■ EXERCISE OBJECTIVE
The response has to reproduce all entries exactly while excluding their pictures.
[Start of Attachment]
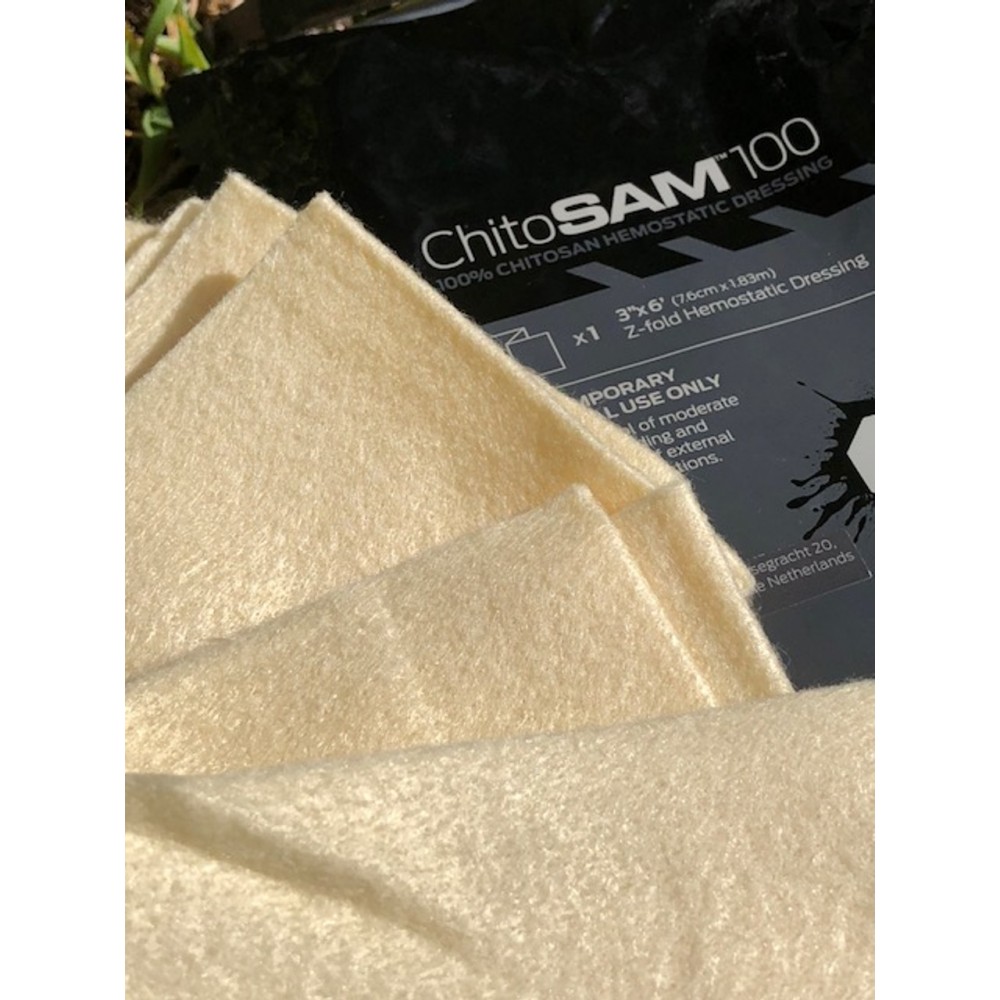 ChitoSAM™ 100 - це високоефективний кровоспинний нетканий хітозановий перев'язувальний матеріал, виготовлений безпосередньо з хітозану, отриманого з панцирів ракоподібних або снігового краба.
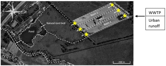 During dry weather, the SF-CW is receiving treated wastewater from the Grand Reims WWTP (activated sludge process with a capacity of 470,000 equivalent inhabitants) via the distribution canal. During rain episodes, the SF-CW is only fed by urban runoff. During the study, the theoretical hydraulic residence time of each basin varied from 4 to 7 days. The average flow was 150 m3·h−1 (8% of the total WWTP effluent flow rate) and was reasonably constant (CV = 19%) throughout the study. The water temperature was measured at the exit of the three basins using autonomous probes (CTD-diver, SDEC, Reignac-sur-Indre, France), with a sampling period of 15 min.
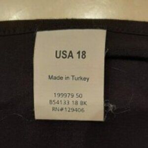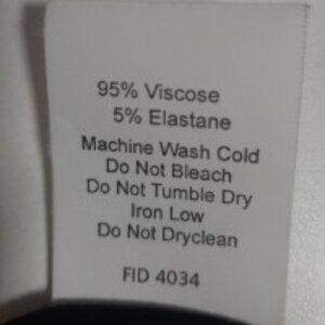 Blouse is jet black, silky and on the dressy side. it has 3/4 length sleeves with a scoop neckline. the neckline bunches. Machine wash with no maintenance if hung to dry.
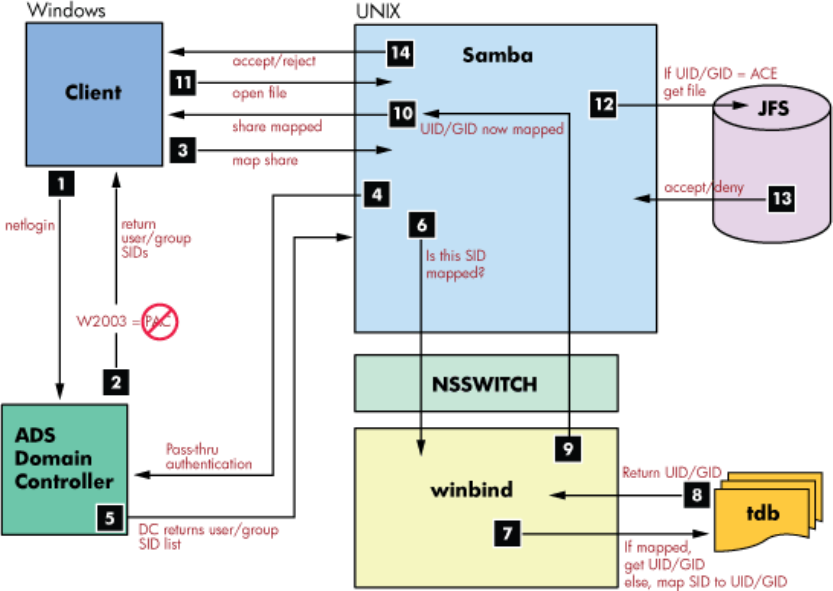 7. The Winbind daemon checks the SID and user name against ID mapping data in the Trivial
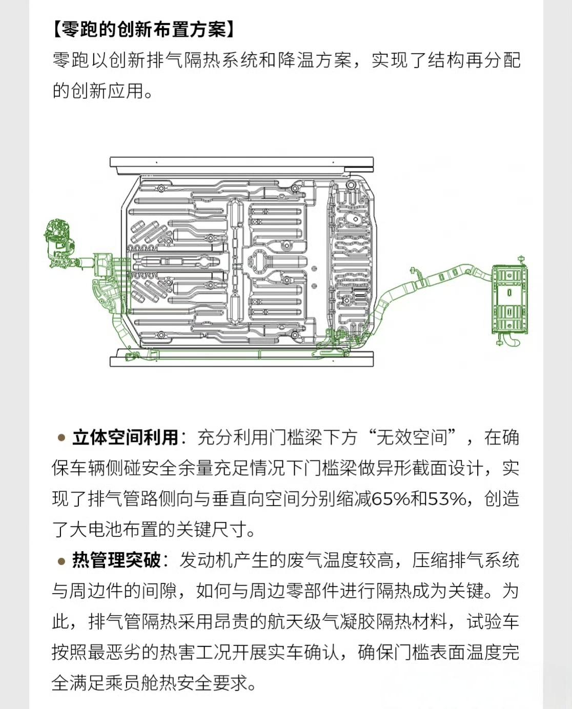 零跑D19排气管集成在门槛梁下,引起了一定的争议。看着是个大胆突破传统的设计,会不会有很多没考虑到的事项? 图1,图2: 从图1可以看到,排气管其实就放在门槛梁的侧下方,是独立出来的,而不是集成在门槛梁里面,排气管沿着电池走到后方尾气后处理装置。 可维修性这块,其实还行。 图3: 零跑交代了这种创新设计会有【侧碰安全余量不足】的问题,以及【热害问题】。 这里零跑交代了侧向安全余量留足了,以及用了航天级气凝胶隔热材料,按照最恶劣的工况测试过,对门槛表面温度影响有限。 这里虽然没有实测数据,不过看上去我们能想到的和担心的,他都说了。【来自懂车帝车友圈】
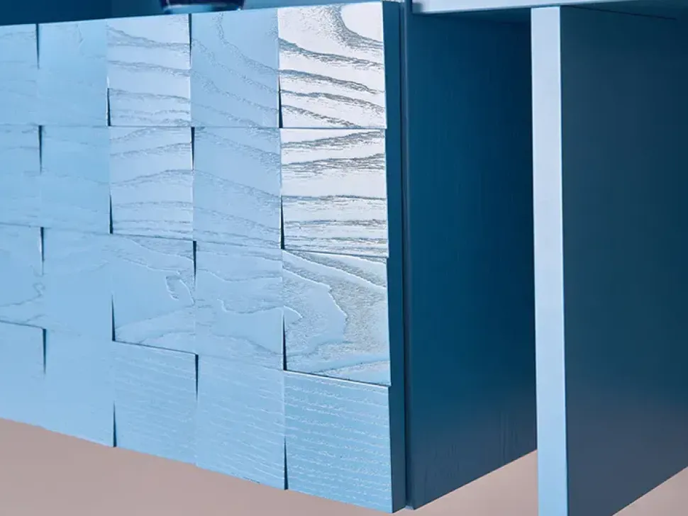 - Ante tipo Lido ed elemento bar/libreria in finitura frassino col. celeste polvere.
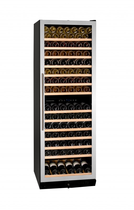 Racitor pentru sticle de vin din gama Dunavox GRANDE, cu compresor, cu doua zone de temperatura. Aparatul este negru cu rafturi din lemn cu glisiere, usa cu geam sticla. Iluminarea interioara LED are culoare albastra. Aparatul are inchidere cu cheie. Poate fi incorporat sau utilizat de sine statator.
[End of Attachment]
■ RESPONSE
 ChitoSAM™ 100 - це високоефективний кровоспинний нетканий хітозановий перев'язувальний матеріал, виготовлений безпосередньо з хітозану, отриманого з панцирів ракоподібних або снігового краба.
 During dry weather, the SF-CW is receiving treated wastewater from the Grand Reims WWTP (activated sludge process with a capacity of 470,000 equivalent inhabitants) via the distribution canal. During rain episodes, the SF-CW is only fed by urban runoff. During the study, the theoretical hydraulic residence time of each basin varied from 4 to 7 days. The average flow was 150 m3·h−1 (8% of the total WWTP effluent flow rate) and was reasonably constant (CV = 19%) throughout the study. The water temperature was measured at the exit of the three basins using autonomous probes (CTD-diver, SDEC, Reignac-sur-Indre, France), with a sampling period of 15 min.
 Blouse is jet black, silky and on the dressy side. it has 3/4 length sleeves with a scoop neckline. the neckline bunches. Machine wash with no maintenance if hung to dry.
 7. The Winbind daemon checks the SID and user name against ID mapping data in the Trivial
 零跑D19排气管集成在门槛梁下,引起了一定的争议。看着是个大胆突破传统的设计,会不会有很多没考虑到的事项? 图1,图2: 从图1可以看到,排气管其实就放在门槛梁的侧下方,是独立出来的,而不是集成在门槛梁里面,排气管沿着电池走到后方尾气后处理装置。 可维修性这块,其实还行。 图3: 零跑交代了这种创新设计会有【侧碰安全余量不足】的问题,以及【热害问题】。 这里零跑交代了侧向安全余量留足了,以及用了航天级气凝胶隔热材料,按照最恶劣的工况测试过,对门槛表面温度影响有限。 这里虽然没有实测数据,不过看上去我们能想到的和担心的,他都说了。【来自懂车帝车友圈】
 - Ante tipo Lido ed elemento bar/libreria in finitura frassino col. celeste polvere.
 Racitor pentru sticle de vin din gama Dunavox GRANDE, cu compresor, cu doua zone de temperatura. Aparatul este negru cu rafturi din lemn cu glisiere, usa cu geam sticla. Iluminarea interioara LED are culoare albastra. Aparatul are inchidere cu cheie. Poate fi incorporat sau utilizat de sine statator.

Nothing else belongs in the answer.